* [PATCH] Add cap_user_time aarch64
@ 2018-07-13 19:24 Michael O'Farrell
2018-07-24 15:14 ` Will Deacon
0 siblings, 1 reply; 4+ messages in thread
From: Michael O'Farrell @ 2018-07-13 19:24 UTC (permalink / raw)
To: linux-arm-kernel
It is useful to get the running time of a thread. Doing so in an
efficient manner can be important for performance of user applications.
Avoiding system calls in `clock_gettime` when handling
CLOCK_THREAD_CPUTIME_ID is important. Other clocks are handled in the
VDSO, but CLOCK_THREAD_CPUTIME_ID falls back on the system call.

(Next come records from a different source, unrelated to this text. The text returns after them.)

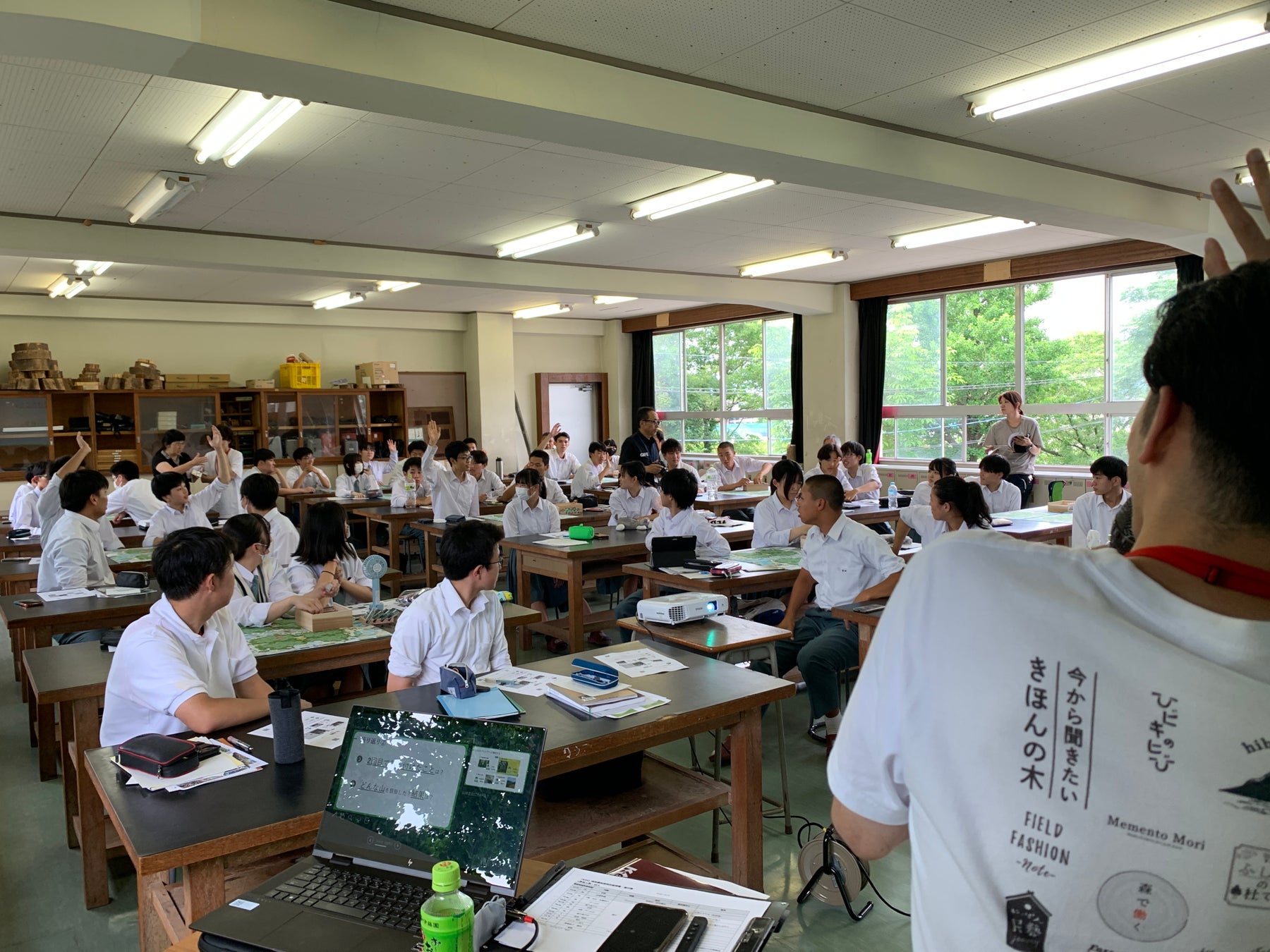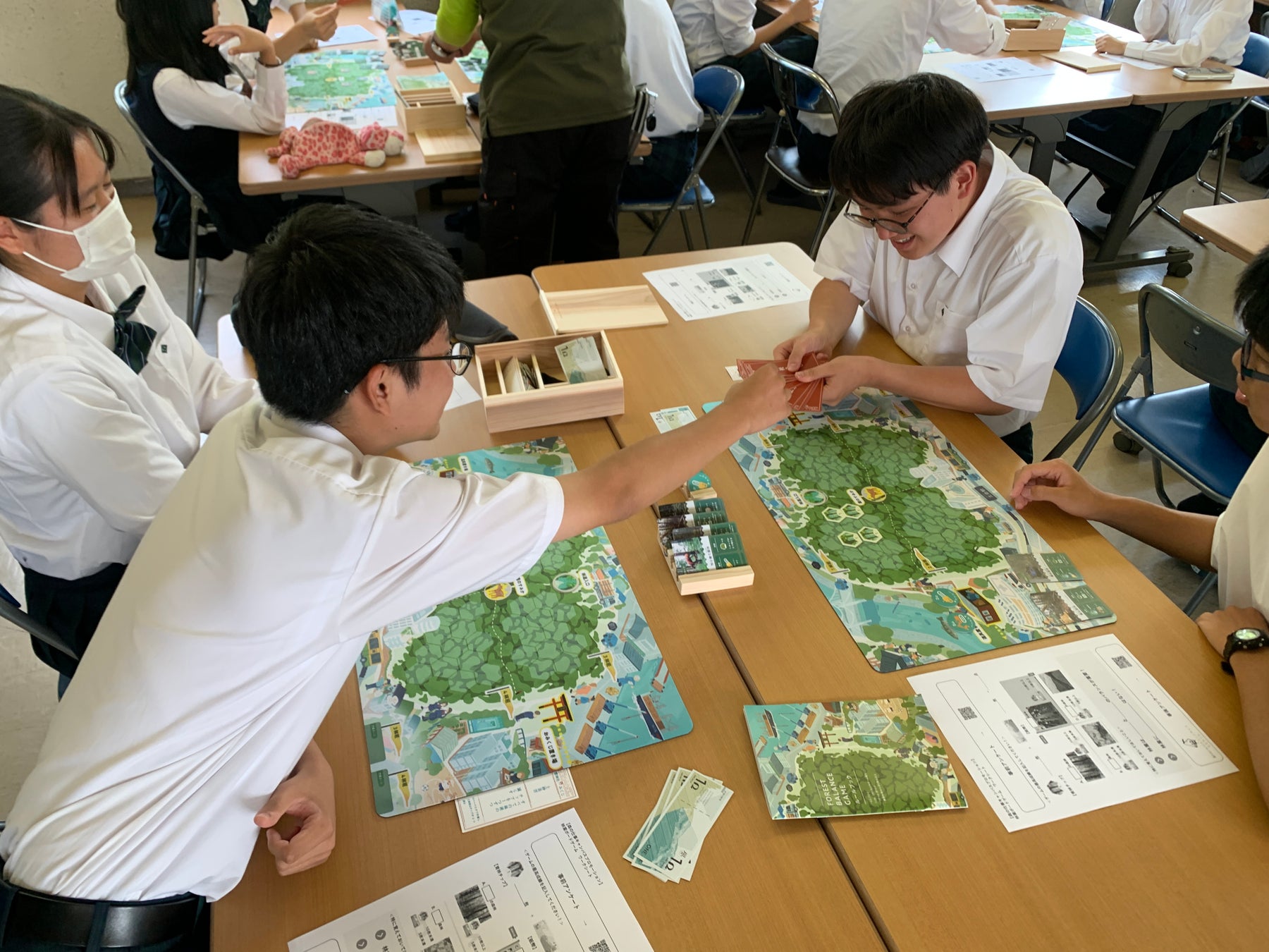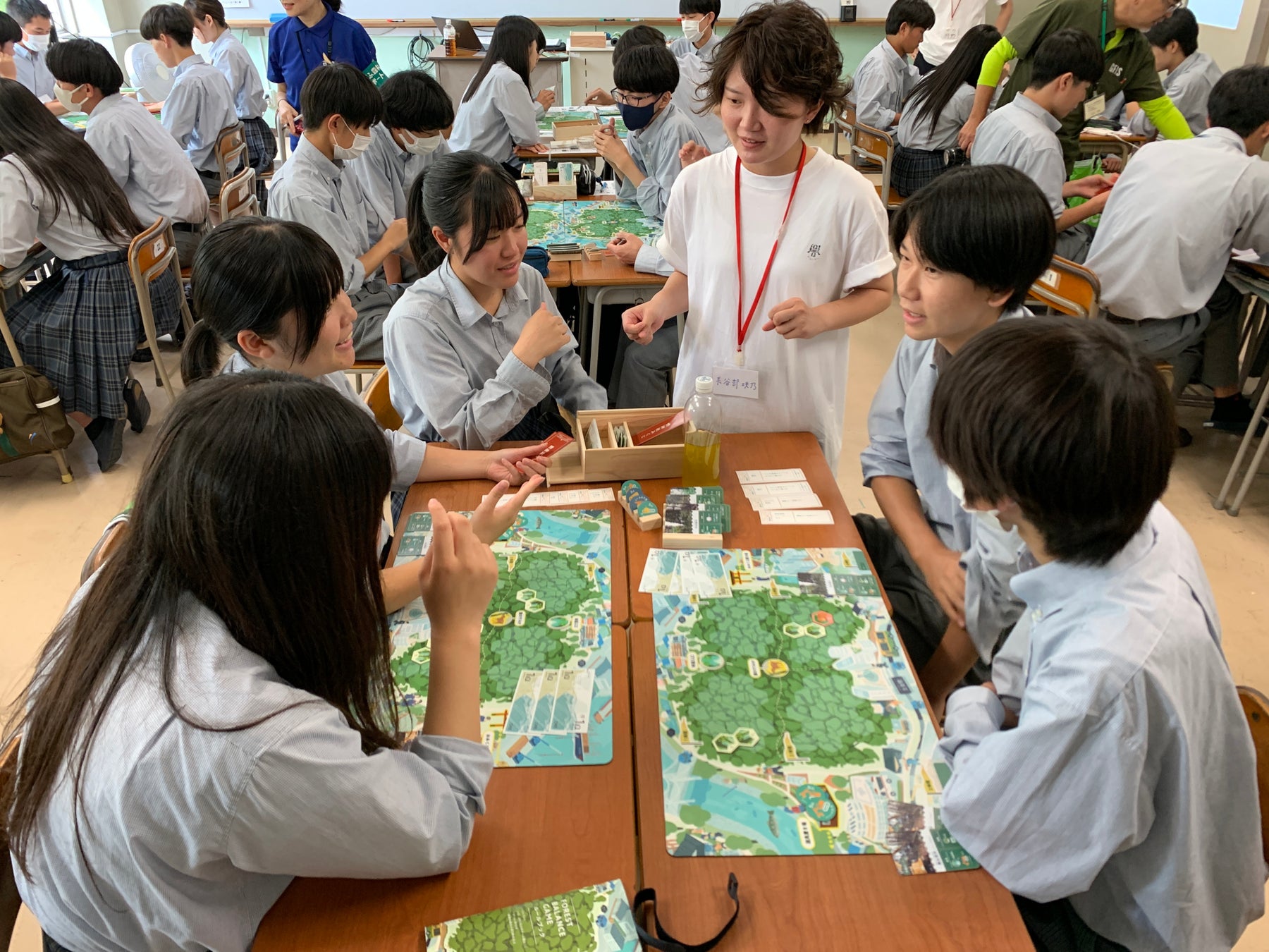 3年前からは岐阜県内の5つの農林高校でボードゲームを使った出張授業を行っています。岐阜県の林業労働力確保支援センターである森のジョブステーションぎふ(公益社団法人岐阜県森林公社)と連携し、今年も各校の森林関連学科2年生163名を対象にした出張授業を実施しました。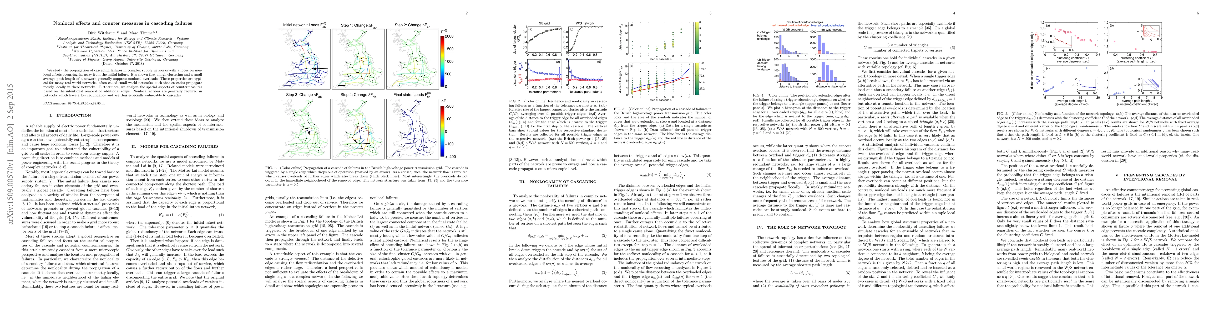 This paper investigates cascading failures in complex supply networks, highlighting that nonlocal effects are minimized in networks with high clustering and short average path lengths, typical of small-world networks. It also examines countermeasures, showing that nonlocal actions are crucial for networks with low redundancy to prevent widespread cascades.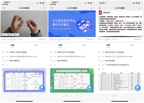自1月28日起,奧威亞面向全國教育系統推出三大免費服務助力各地“停課不停學”。服務一經推出便迅速獲得浙江省教育系統的關注,主動聯系后奧威亞及時給予響應,目前已為溫州市甌海區、紹興市上虞區以及柯橋區等各區域教育局提供強有力的服務與支持。2月10日,柯橋區首日直播觀看人次就高達700萬+。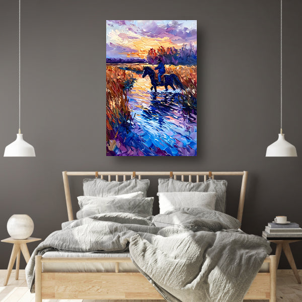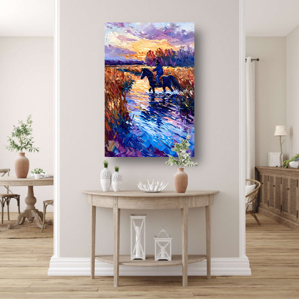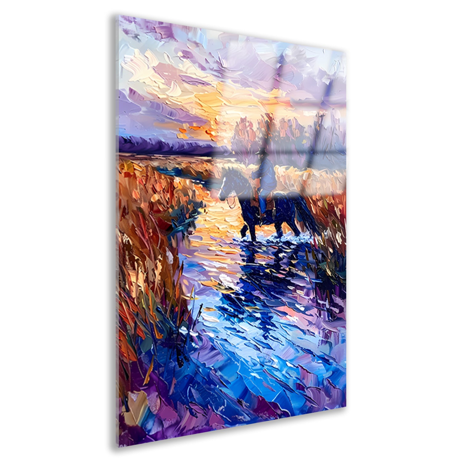 Ruiter op paard bij zonsondergang schilderij acrylglas

CLOCK_THREAD_CPUTIME_ID is not handled in the VDSO since it would have
costs associated with maintaining updated user space accessible time
offsets. These offsets have to be updated everytime the a thread is
scheduled/descheduled. However, for programs regularly checking the
running time of a thread, this is a performance improvement.
This patch takes a middle ground, and adds support for cap_user_time an
optional feature of the perf_event API. This way costs are only
incurred when the perf_event api is enabled. This is done the same way
as it is in x86. This patch also enables the cap_user_time facility of
perf_event since it comes free with the stable clock.
Ultimately this allows calculating the thread running time in userspace
on aarch64 as follows (adapted from perf_event_open manpage):
u32 seq, time_mult, time_shift;
u64 running, count, time_offset, quot, rem, delta;
struct perf_event_mmap_page *pc;
pc = buf; // buf is the perf event mmaped page as documented in the API.
if (pc->cap_usr_time) {
do {
seq = pc->lock;
barrier();
running = pc->time_running;
count = readCNTVCT_EL0(); // Read ARM hardware clock.
time_offset = pc->time_offset;
time_mult = pc->time_mult;
time_shift = pc->time_shift;
barrier();
} while (pc->lock != seq);
quot = (count >> time_shift);
rem = count & (((u64)1 << time_shift) - 1);
delta = time_offset + quot * time_mult +
((rem * time_mult) >> time_shift);
running += delta;
// running now has the current nanosecond level thread time.
}
Summary of changes in the patch:
For aarch64 systems with a stable scheduler clock, make
arch_perf_update_userpage update the timing information stored in the
perf_event page. Requiring the following calculations:
- Calculate the appropriate time_mult, and time_shift factors to convert
ticks to nano seconds for the current clock frequency.
- Adjust the mult and shift factors to avoid shift factors of 32 bits.
(possibly unnecessary)
- The time_offset userspace should apply when doing calculations:
negative the current sched time (now), because time_running and
time_enabled fields of the perf_event page have just been updated.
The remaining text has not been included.